Signal transducer and activator of transcription factor 3 (STAT3) plays an important role in the proliferation and angiogenesis in human glioma. Previous research indicated that saw palmetto extract markedly inhibited the proliferation of human glioma cells through STAT3 signal pathway. But its effect on tumor metastasis and antiangiogenesis is not clear. This study is to further clear the impact of saw palmetto extract on glioma cell metastasis, antiangiogenesis, and its mechanism. TUNEL assay indicated that the apoptotic cells in the saw palmetto treated group are higher than that in the control group (p < 0.05). The apoptosis related protein is detected and the results revealed that saw palmetto extract inhibits the proliferation of human glioma. Meanwhile pSTAT3 is lower in the experimental group and CD34 is also inhibited in the saw palmetto treated group. This means that saw palmetto extract could inhibit the angiogenesis in glioma. We found that saw palmetto extract was an important phytotherapeutic drug against the human glioma through STAT3 signal pathway. Saw palmetto extract may be useful as an adjunctive therapeutic agent for treatment of individuals with glioma and other types of cancer in which STAT3 signaling is activated.

1. Introduction

Human gliomas which originate from neural stromal cells are the most common and malignant brain tumor in human [1]. Human gliomas account for 35.26–60.96% of central nervous system tumors (average, 44.69%). The incidence rate in adults is about 6/100,000 and the five-year survival rate is between 20 and 30% [2]. Due to the tumor's infiltrating growth and no evident boundary with the normal brain tissue, it is difficult to be removed completely via surgery. In addition, gliomas are not susceptible to radiotherapy or chemotherapy, which makes it the worst prognoses in systemic tumors [3]. Therefore, it is urgently needed to identify the critical carcinogenic pathways and discover novel treatment strategies for glioma.
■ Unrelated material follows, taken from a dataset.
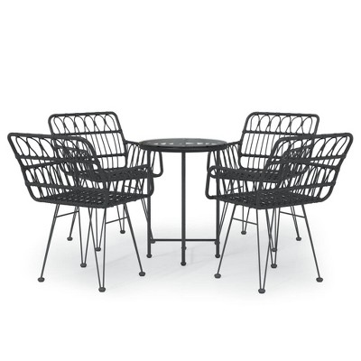 vidaXL Garden Dining Set Grey, Dark grey, Black PE rattan 5 Piece

The growth and proliferation of glioma cells are highly dependent on angiogenesis [4]. The glioma has a strong ability in promoting the formation of angiogenesis and microvascular network to provide the tumor with nutrients for the sake of further invasion and metastasis. So the treatment of antiangiogenesis therapy has become an important method in glioma.

Signal transducer and activator of transcription factor 3 (STAT3) with tyrosine phosphorylation in signal pathway exists in the cell holder, regulating the expression of a variety of functional protein, cell proliferation, and apoptosis. The present study has proven that there is a close relationship between STAT3 and cell adhesion molecules, extracellular matrix degrading enzymes, tumor angiogenesis, metastasis through MMP, VEGF, and other related gene interactions [5-7].
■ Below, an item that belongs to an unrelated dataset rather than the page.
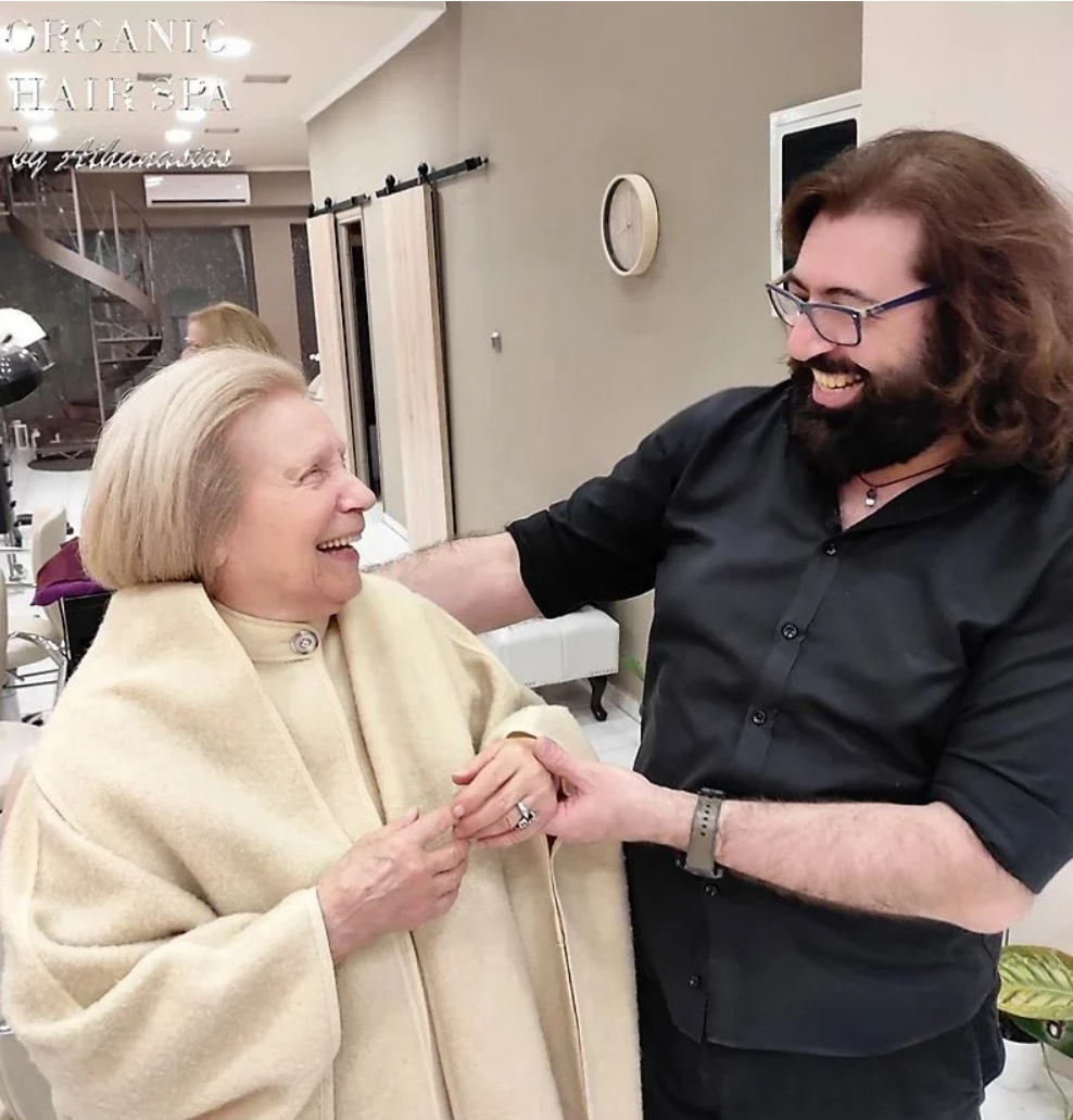 Σήμερα στα 90 της χρόνια συνεχίζει να είναι μια όμορφη κυρία που περιποιείται τον εαυτό της. Πρόσφατα επισκέφθηκε γνωστό κομμωτήριο για να βάψει τα μαλλιά της και πόζαρε με τον κομμωτή της, Αθανάσιο.

Saw palmetto (SR) is a kind of palm plant in Southeast American. In in vitro experiments people found that saw palmetto extract can effectively inhibit the proliferation with dose dependent relationship in human breast cancer cells [8]. In previous research, the effect of saw palmetto extract on human glioma U87 and U251 cells was investigated in vivo. The results revealed that saw palmetto extract markedly inhibited the proliferation of human glioma cells. The underlying mechanism may be associated with the inhibition of signal transducer and activator of transcription 3 phosphorylation [9].
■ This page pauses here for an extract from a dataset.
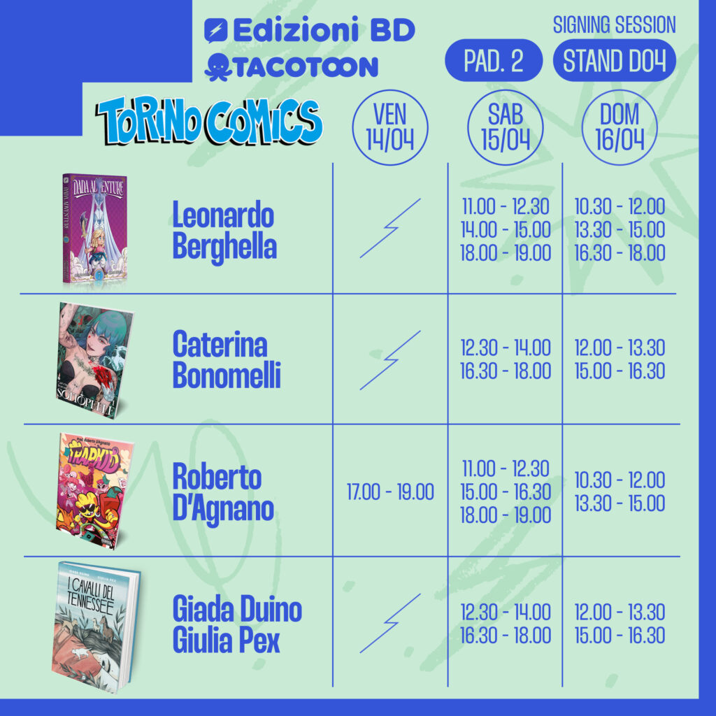 Dal 14 al 16 aprile Edizioni BD & J-POP Manga saranno al Lingotto Fiere di Torino in occasione di Torino Comics! La casa editrice milanese avrà il proprio stand nel Padiglione 2 in posizione D04. Oltre a La Conquista del Cielo, Ottoman, Dandadan, Insomniacs After School, Il mistero di Ron Kamonohashi, La Nave di Teseo, House of Slaughter 2 e tutte le altre novità del momento ad aspettarvi ci saranno diversi autori ospiti. Incontreranno i lettori in fiera Caterina Bonomelli, autrice dell’urban fantasy Sottopelle, Leonardo Berghella autore, insieme ad Alessandro Starace, del manga italiano Dada Adventure, Roberto D’agnano, autore di Trapkid, e Giulia Pex e Giada Duino, autrici del racconto generazionale I Cavalli del Tennessee.

As mentioned, saw palmetto extract regulates the proliferation of tumor cells by inhibiting the STAT3 signaling pathway, but its effect on tumor metastasis and antiangiogenesis is not clear. The purpose of this study is through researching the effect of saw palmetto extract on glioma cell migration related protein and marker of angiogenesis to further clear the impact of saw palmetto extract on glioma cell metastasis, antiangiogenesis, and its mechanism.

2. Materials and Methods

2.1. Animals and Cell Lines

30 healthy SD male rats were purchased from China Medical University Department of Experimental Animal, which weighed 250–300 g. The rats were randomly divided into three groups: control group, low dose SR group, and high dose SR group. Human glioma cell lines U87 and U251 were purchased from Beijing Dingguochangsheng Biotech Co., Ltd. (Beijing, China).

2.2. Reagents and Drug

Saw palmetto extract was purchased from Yongyuan Bio-technology, Co., Ltd. (Xi'an, China). TUNEL kit, rabbit anti-B-cell lymphoma-2 (Bcl-2), anti-CD34, anti-MMP-2, anti-PARP, and anti-pSTAT3 antibodies were purchased from the Beyotime Institute of Biotechnology (Shanghai, China).

2.3. Cell Culture

Human glioma cell lines, U87 and U251, were grown in a 25 cm2 cell culture bottle containing Dulbecco's modified Eagle's medium (DMEM), supplemented with 10% fetal bovine serum, 100 IU/mL penicillin, and 100 μg/mL streptomycin. The cell was cultured at 37°C and 5% carbon dioxide. The medium was replaced every two days.

2.4. Cell Count

Blood cell counting plate and cover glass were cleaned with 95% alcohol. Take 1 μL of cell suspension on the blood cell counting chamber to count the cell concentration. The cell number was counted with four angles in the grid on the plate. The procedure was performed in triplicate. The cell number was calculated as follows: Cell number (/mL) = (total cell number of the four angles/4)  ∗  104   ∗  dilution.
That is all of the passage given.